Crime Against Humanity: Pensée Unique in Economics, 36

Then, another fact in those graphed data bridges from the false foundation of the Pensée Unique to its hidden real purpose: not only the ratio of Gross Domestic Product to the money supply is highly variable, but in addition it is so only in one way: downwards.
Werner’s data are for Japan, but he reports that Japan is no exception, and that many studies and economists documented how that ratio “appeared to hold until the early 1970s”, and then it “increasingly came apart at the seams during the course of the 1980s”, so… “A decline in the velocity meant that the money supply grew faster than nominal GDP. But where did the money go?”

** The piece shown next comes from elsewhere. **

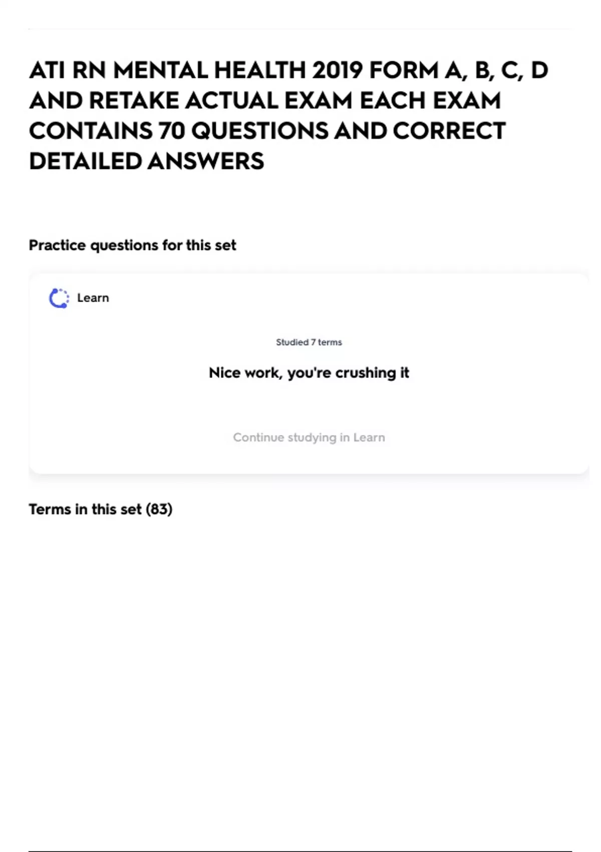 further teaching? ATI RN Mental Health Nursing Modules Ch. 1
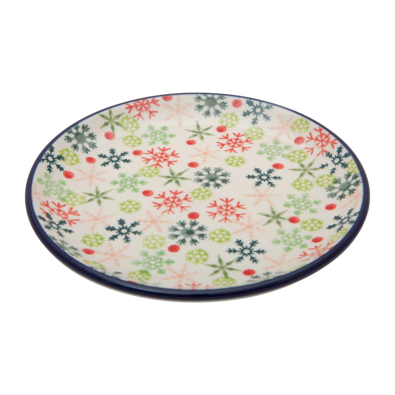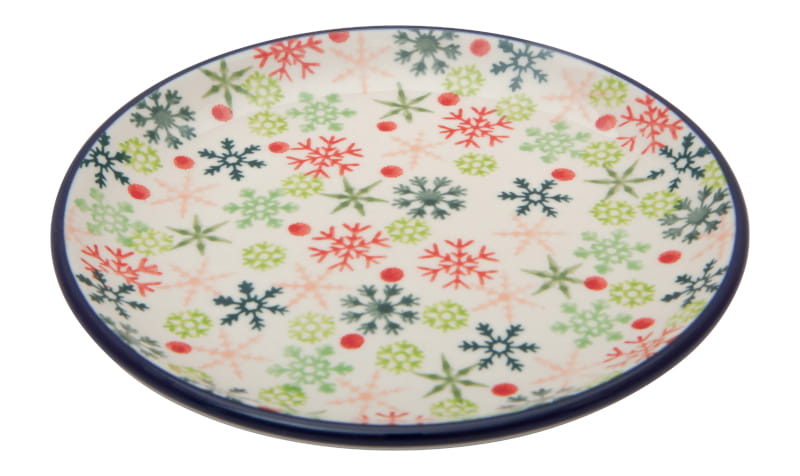 Wzór zimowy, unikat. Różnokształtne płatki śniegu, śnieżynki, w odcieniach zieleni i czerwieni. Wykończenie obrzeża w kolorze granatowym. Ceramika Bolesławiec – HANDMADE.

As Werner’s graphs show the ratio for different measures of money, perhaps a further interesting clue may be found in comparing the graphs: if the more a money measure is detached from the root one – the money issued by the formal holder of monetary sovereignty – and the more the resulting ratio declines, this would mean that the more monetary sovereignty is usurped, the more moneypulation takes place.

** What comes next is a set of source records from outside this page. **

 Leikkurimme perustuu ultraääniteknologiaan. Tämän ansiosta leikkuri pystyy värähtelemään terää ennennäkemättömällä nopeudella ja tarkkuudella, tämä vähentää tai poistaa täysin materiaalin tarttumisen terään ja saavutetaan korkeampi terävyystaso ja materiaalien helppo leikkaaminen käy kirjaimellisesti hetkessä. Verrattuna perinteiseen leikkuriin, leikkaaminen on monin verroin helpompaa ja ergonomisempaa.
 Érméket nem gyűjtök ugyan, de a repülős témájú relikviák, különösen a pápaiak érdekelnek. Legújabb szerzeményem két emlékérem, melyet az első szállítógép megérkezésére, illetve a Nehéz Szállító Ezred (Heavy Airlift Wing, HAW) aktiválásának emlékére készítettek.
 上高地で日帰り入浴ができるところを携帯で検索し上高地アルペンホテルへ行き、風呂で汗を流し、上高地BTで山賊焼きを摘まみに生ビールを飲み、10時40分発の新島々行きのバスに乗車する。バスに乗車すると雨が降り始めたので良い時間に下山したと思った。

Anyway, Werner asks the pivotal question, and Werner finds its answer: the money went to speculators. It could be said it never left the pockets of moneypulators.
This answer is obviously found by facing head−on exactly what the Pensée Unique conceals: the terms of the question are Gross Domestic Product and money? Let’s look at them more closely.

Not all transactions that take place are reflected in Gross Domestic Product. Financial, speculative ones do not. As the name implies, GDP is about production; finance is about speculation, not production. So let’s disaggregate both transactions and the money used for them in those that are part of the Gross Domestic Product and those that are not.

Negligible detail, looking more closely at money here means getting to the root of things, diametrically opposed to the blatant cover lie universally maintained by the mainstream economics establishment. To further clarify it, let’s merge the terms money and credit into a single basic one: purchasing power. Why? Because we do now know the first are swept by the waves of legal tricks, while the latter is the undisturbed undersea current of substance.
The cover lie is: banks are mere intermediaries of existing purchasing power. The truth is: banks – and only banks – do enjoy the “privilege” of creating purchasing power out of nothing. In their own pockets – just another negligible detail.